# Aristo Heavyweights Tracking problems



## Dougald (Jan 2, 2008)

There have been many threads over the years concerning the problems of keeping the Aristo heavyweights on the track, particularly the 3 axle versions. A great many folks seem to have attempted a solution by removing the middle axle or by taking the flange off the middle wheelset. 

Unfortunately, heavyweights almost always rode on 3 axle trucks so these solutions are detrimental to the model's appearance. In addition, the talgo mounted couplers look well ... like crap ... and operate even worse in backing movements. 

Last winter, our friend Greg Adams moved to North Carolina and left the OVGRS the use of his heavyweights. One quick run confirmed that work was needed. The first step was body mounting Kadees which of course only exacerbated the tracking problems of these fairly long passenger cars. 

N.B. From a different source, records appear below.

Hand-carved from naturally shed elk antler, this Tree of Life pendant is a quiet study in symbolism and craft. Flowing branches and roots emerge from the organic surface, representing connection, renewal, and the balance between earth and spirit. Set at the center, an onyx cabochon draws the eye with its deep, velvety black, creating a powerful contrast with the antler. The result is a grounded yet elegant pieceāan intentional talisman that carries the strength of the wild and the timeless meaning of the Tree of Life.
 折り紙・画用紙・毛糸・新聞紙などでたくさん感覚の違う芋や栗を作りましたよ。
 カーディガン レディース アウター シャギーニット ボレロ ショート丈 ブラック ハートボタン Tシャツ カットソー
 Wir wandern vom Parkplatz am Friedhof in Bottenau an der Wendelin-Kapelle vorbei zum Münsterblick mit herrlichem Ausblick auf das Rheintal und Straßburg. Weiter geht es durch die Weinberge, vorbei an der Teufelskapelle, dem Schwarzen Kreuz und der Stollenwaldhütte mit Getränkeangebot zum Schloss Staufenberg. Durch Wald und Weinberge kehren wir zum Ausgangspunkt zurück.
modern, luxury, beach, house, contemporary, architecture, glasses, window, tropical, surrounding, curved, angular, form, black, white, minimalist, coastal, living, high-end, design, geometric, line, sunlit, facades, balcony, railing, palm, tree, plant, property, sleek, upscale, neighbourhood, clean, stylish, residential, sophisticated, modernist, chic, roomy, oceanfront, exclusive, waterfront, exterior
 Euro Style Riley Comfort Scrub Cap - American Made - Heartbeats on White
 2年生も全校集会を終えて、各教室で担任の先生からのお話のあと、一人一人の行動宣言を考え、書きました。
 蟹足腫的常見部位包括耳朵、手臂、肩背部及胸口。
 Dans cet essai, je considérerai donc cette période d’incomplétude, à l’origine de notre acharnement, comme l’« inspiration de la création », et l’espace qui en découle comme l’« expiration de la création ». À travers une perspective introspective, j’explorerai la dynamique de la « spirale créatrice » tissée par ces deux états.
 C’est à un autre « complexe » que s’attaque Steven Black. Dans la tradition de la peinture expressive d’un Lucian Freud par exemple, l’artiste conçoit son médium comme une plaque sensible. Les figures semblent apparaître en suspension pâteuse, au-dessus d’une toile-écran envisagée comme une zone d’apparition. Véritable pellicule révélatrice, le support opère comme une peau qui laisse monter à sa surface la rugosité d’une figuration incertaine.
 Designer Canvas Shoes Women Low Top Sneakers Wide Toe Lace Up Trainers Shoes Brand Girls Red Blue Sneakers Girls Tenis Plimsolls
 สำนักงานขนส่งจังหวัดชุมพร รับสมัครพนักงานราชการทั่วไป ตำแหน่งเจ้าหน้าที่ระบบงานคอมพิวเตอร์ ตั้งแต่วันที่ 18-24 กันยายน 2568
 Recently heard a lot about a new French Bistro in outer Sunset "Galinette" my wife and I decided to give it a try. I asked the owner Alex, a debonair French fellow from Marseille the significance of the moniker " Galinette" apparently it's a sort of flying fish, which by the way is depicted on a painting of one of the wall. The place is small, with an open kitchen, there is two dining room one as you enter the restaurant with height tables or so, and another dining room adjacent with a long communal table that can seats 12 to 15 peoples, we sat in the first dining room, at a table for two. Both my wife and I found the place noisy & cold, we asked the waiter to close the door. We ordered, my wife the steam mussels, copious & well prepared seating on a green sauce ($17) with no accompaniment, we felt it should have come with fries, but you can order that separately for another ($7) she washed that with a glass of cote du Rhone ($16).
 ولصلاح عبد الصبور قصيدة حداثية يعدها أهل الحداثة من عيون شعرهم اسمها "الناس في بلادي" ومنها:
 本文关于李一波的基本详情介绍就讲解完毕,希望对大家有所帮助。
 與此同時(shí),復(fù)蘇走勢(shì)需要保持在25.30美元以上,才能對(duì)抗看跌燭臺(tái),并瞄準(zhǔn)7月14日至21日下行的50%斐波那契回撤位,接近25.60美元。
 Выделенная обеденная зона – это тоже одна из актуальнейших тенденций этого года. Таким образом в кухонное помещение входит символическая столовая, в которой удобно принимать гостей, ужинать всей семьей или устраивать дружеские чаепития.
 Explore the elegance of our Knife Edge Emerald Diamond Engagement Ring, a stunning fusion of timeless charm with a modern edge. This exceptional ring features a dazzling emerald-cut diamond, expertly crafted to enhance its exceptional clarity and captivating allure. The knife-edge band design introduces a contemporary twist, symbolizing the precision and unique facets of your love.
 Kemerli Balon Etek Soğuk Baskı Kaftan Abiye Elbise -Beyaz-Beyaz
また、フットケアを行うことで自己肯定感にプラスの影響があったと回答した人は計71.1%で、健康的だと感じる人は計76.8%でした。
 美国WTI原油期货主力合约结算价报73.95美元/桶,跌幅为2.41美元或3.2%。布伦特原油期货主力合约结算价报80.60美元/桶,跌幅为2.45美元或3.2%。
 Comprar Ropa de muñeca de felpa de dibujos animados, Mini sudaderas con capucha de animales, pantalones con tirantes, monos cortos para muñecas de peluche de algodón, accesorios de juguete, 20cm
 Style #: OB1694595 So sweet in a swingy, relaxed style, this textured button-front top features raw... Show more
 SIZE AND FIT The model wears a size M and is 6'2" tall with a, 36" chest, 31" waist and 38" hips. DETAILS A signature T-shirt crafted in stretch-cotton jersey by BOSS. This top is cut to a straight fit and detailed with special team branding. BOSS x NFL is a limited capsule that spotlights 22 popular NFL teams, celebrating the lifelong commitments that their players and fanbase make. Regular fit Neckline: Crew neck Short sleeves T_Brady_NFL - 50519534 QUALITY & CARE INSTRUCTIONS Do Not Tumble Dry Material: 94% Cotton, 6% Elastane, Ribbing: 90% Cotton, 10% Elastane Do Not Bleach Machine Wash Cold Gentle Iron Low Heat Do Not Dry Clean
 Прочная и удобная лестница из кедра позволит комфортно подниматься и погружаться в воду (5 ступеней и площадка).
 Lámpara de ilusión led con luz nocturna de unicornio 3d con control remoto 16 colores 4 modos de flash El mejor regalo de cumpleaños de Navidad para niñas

A quick experiment showed that Aristo's use of a bolster off centre on the truck (to get around sharper curves?) placed all the weight on the axle furthest toward the car end causing the other axles to lift slightly with a propensity to derail. And clearly, 3 axled trucks did not like 4 foot radius curves even if body mounted couplers might somehow snake around. First step was to firmly resolve that these cars should be kept clear of the few 4 foot radius curves on the IPP&W and restrict them to the 5 footers. Next was to remove the bolster and fabricate a new mount for the trucks centred over the middle axle. Fairly stiff springs were used in the truck sideframe to hold the front and rear axles down for better riding over dips or GENTLE undulations in the track. Anything rough will lead to derailments. 

Operation was now much improved but not bulletproof. These cars had an annoying habit of derailing seemingly at random so they were not put in service. Yesterday, as rain washed out our operating session yet again for the umpteenth time this year, Fred Mills, Gord Bellamy and I had a go at making these cars more reliable. The gauge was checked carefully on each wheelsets and precise adjustments made so they were exactly in accordance with the Aristo gauge. Operation improved but still a few random derailments at some switches and at times just on the mainline. 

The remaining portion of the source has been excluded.